The books are too long and too overstuffed with peripheral characters because everyone internalized the lessons of Thomas Hardy and Tolstoy or their descendants.
I think it's going to be a while before that's not true.
The most recent addition to the complete review is my review of Adrien Goetz's Villa of Delirium, recently out from New Vessel Press -- based on the impressive real-life Villa Kérylos.
In Transitions John K. Cox has: 'An interview with Jurij Koch, an eminent writer among the Slavic-speaking community in eastern Germany', in The Sage of Sorbia.
Surprisingly, none of Koch's work has been translated into English -- though the piece does state that his The Cherry Tree is forthcoming from The Digital Press at the University of North Dakota (though there's no information about it available at their site yet).

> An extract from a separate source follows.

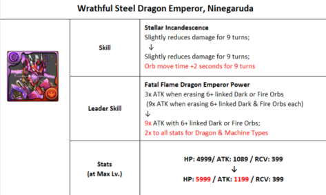 Ninegaruda can provide 9 turns of 15% Damage Reduction and +2 seconds of orb movement time but I still struggle to find a use for them as their Leader Skill is still nothing impressive.

Cox also recently reviewed a volume of Koch's memoirs, Windrad auf dem Dach, at World Literature Today.
As Jim Milliot reports at Publishers Weekly, Print Units Post Surprising Increase in First Half of 2020.
Yes, as reported by BookScan: "print unit sales saw a 2.8% increase in the first half of 2020, over the comparable period in 2019" in the US.
Okay, some segments did not do so well:
Print unit sales of adult nonfiction fell 3.4% in the first half of 2020, as a 42% plunge in travel titles paired with double-digit declines in the business/economics, health/fitness/medicine/sports, computers, and religion subcategories
Still, good to see some good news in the publishing/bookselling industry.